Data items:
______________________________
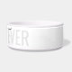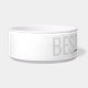 Black and white dog bowl with grey "BEST DOG EVER" and your dog's name customised in a chic and elegant calligraphy script font text overlay. Enter any personalised text you like for the background and top layer of text to create your own personalised modern and minimal and fun ceramic pet food or water bowl. See our collection of coordinating bowls and get a set!
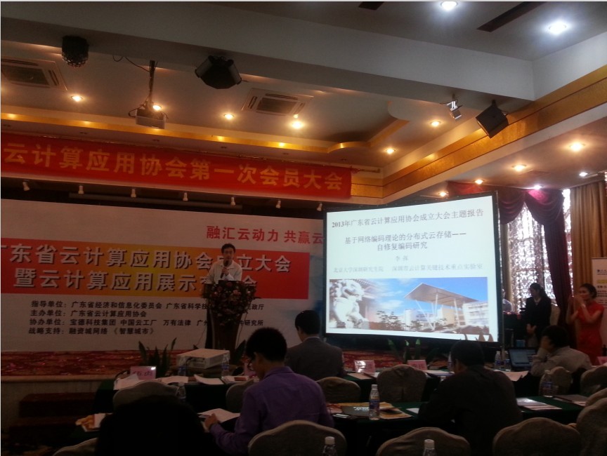 2013年4月19日下午,广东省云计算应用协会主办的“广东省云计算应用协会成立大会暨云计算应用展示交流会”在广州天河隆重召开,海角社区李挥教授应邀参加本次大会,成为广东省云计算应用协会的副理事长,并作“基于网络编码理论的分布式云存储——自修复编码研究及进展”主题报告,介绍了国内外分布式云存储编码理论研究进展,引起与会代表的广泛关注。
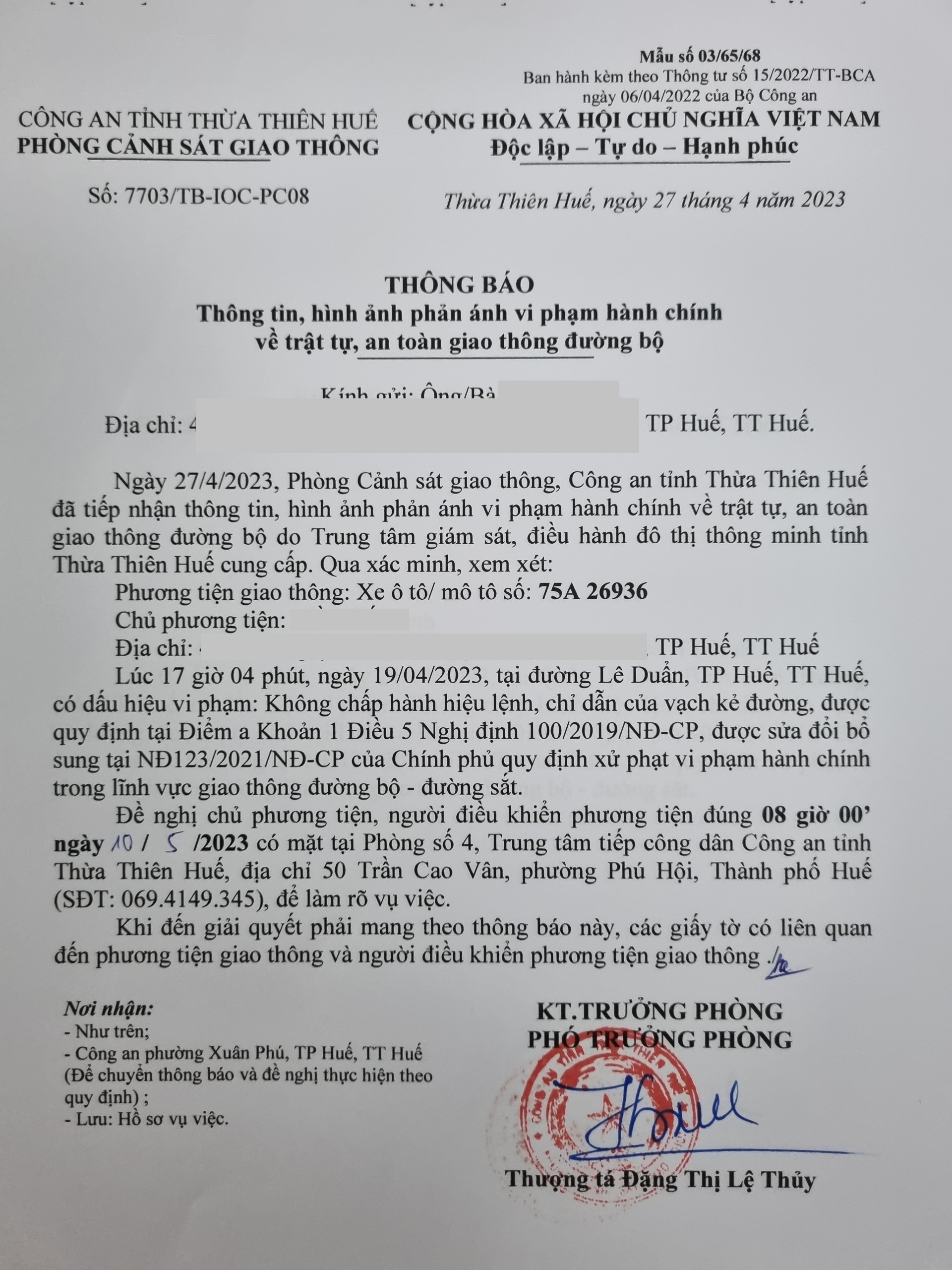 Phòng CSGT cập nhật kết quả: Qua xác minh làm việc với chủ phương tiện vi phạm lỗi: Không chấp hành hiệu lệnh, chỉ dẫn của vạch kẻ đường, quy định tại điểm a, khoản 1, điều 5 Nghị định 100/2019/NĐ-CP được sửa đổi, bổ sung tại Nghị định 123/NĐ-CP ngày 28/12/2021. Ra Quyết định xử phạt 350.000đ (Đính kèm Quyết định).
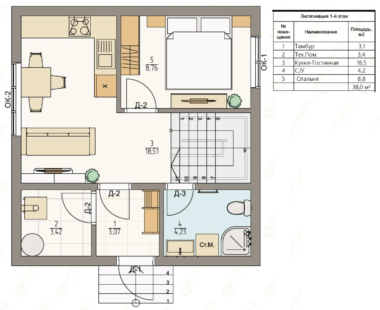Двухэтажный дом в классическом стиле К-76
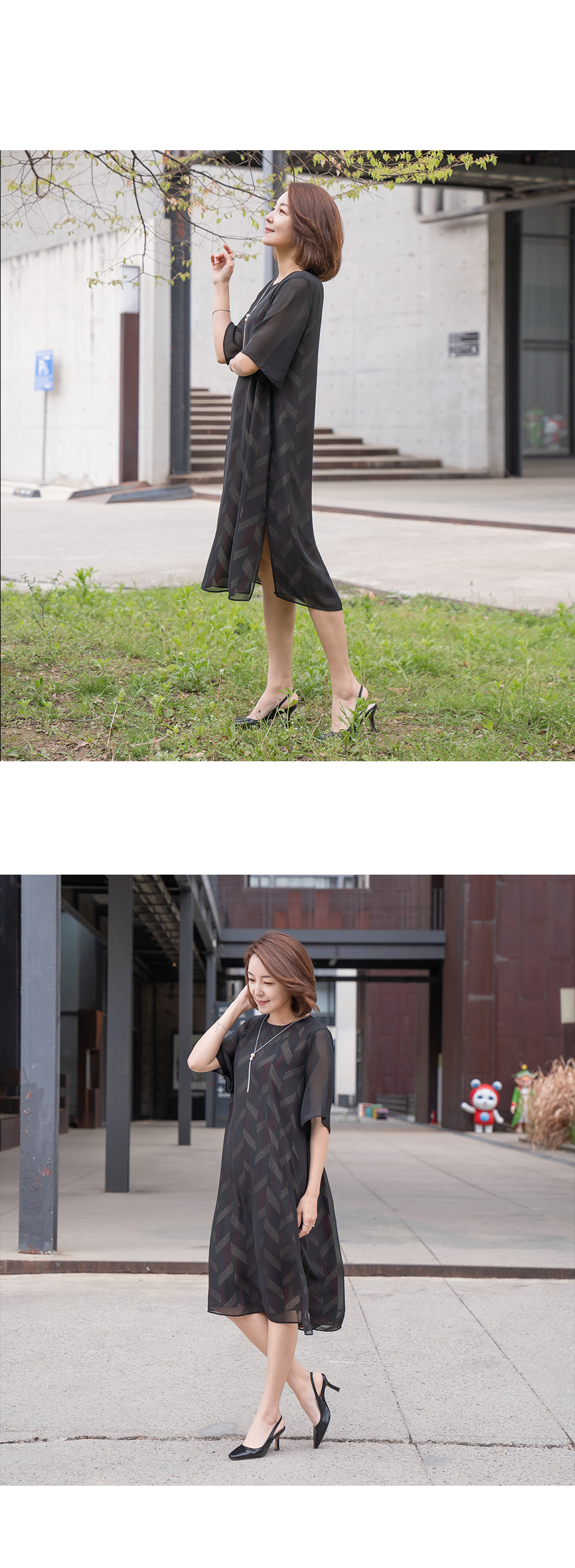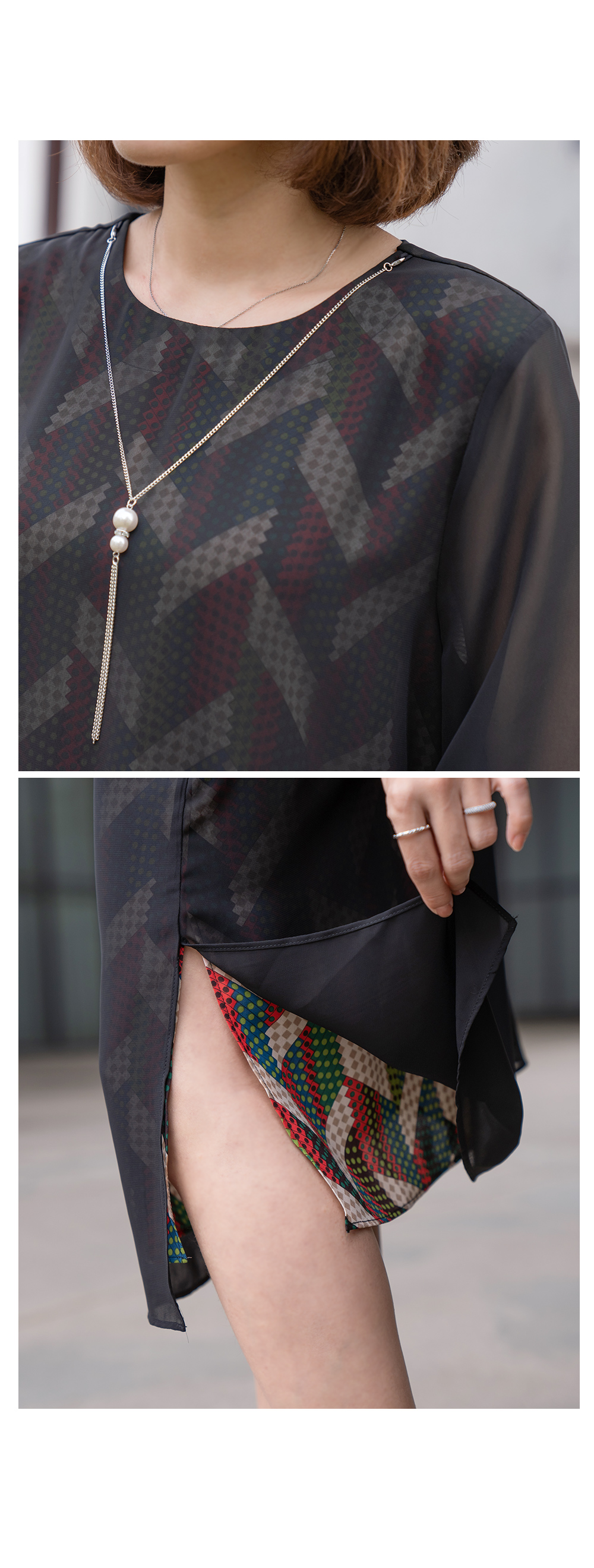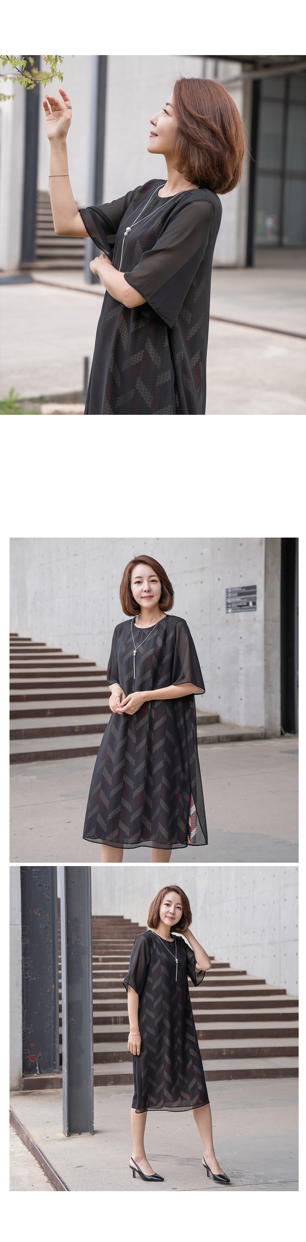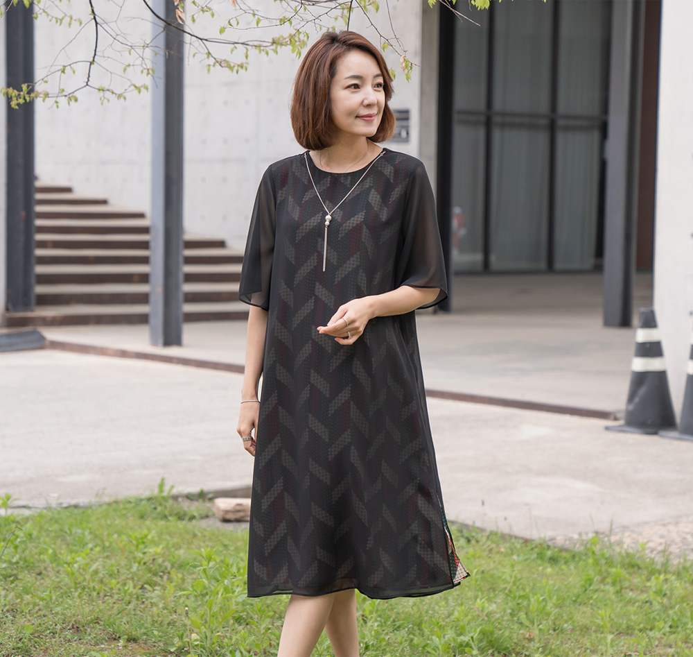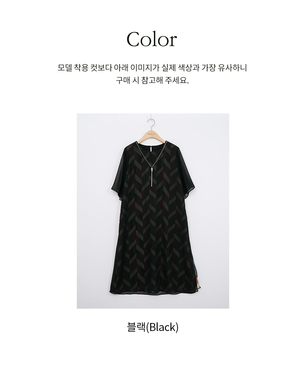 - 쉬폰이 한겹 더 겹쳐진 레이어드 스타일의 원피스에요.
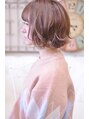 【インスタグラムID:shiko_kajihara】ショートボブの毛先にカールをつけた、ゆるふわなボブです!前髪はシースルーパッツンで束感のあるパッツンにしました!カラーは11トーンのグレージュブラウンで透明感のあるベージュです。
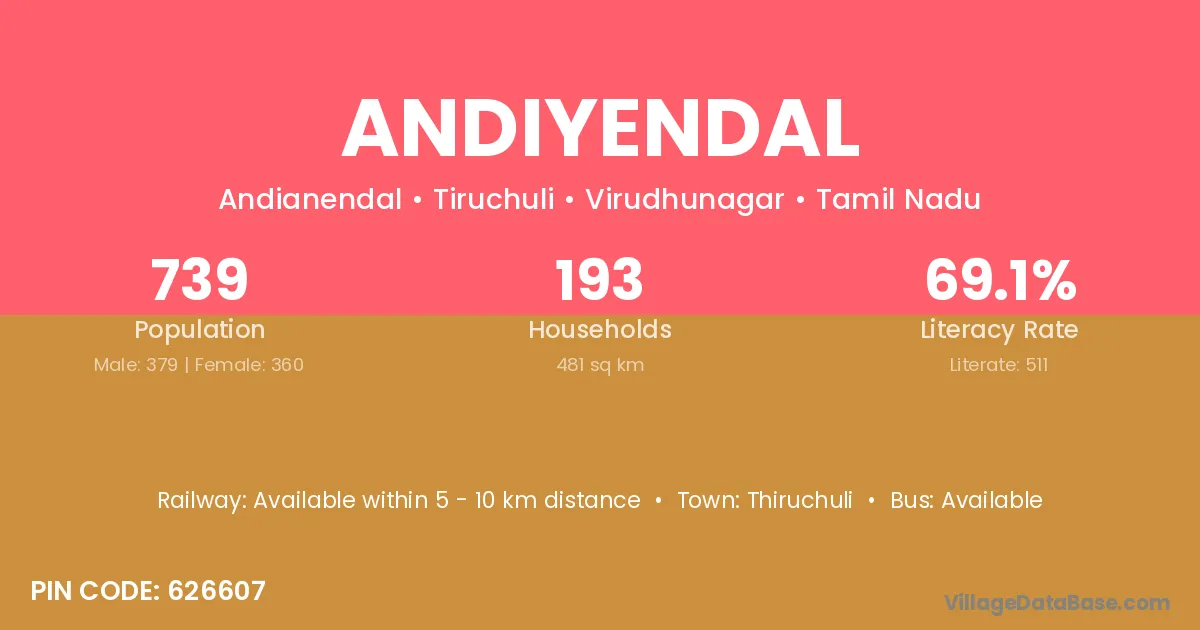 Thiruchuli is the nearest town to Andiyendal village for major economic activities
______________________________
WORK TO COMPLETE: Reproduce exactly, without any picture, the lines from the one bearing "- 쉬폰이 한겹 더 겹쳐진 레이어드 스타일의 원피스에요." to the last line of the records above.

THE ANSWER:
 - 쉬폰이 한겹 더 겹쳐진 레이어드 스타일의 원피스에요.
 【インスタグラムID:shiko_kajihara】ショートボブの毛先にカールをつけた、ゆるふわなボブです!前髪はシースルーパッツンで束感のあるパッツンにしました!カラーは11トーンのグレージュブラウンで透明感のあるベージュです。
 Thiruchuli is the nearest town to Andiyendal village for major economic activities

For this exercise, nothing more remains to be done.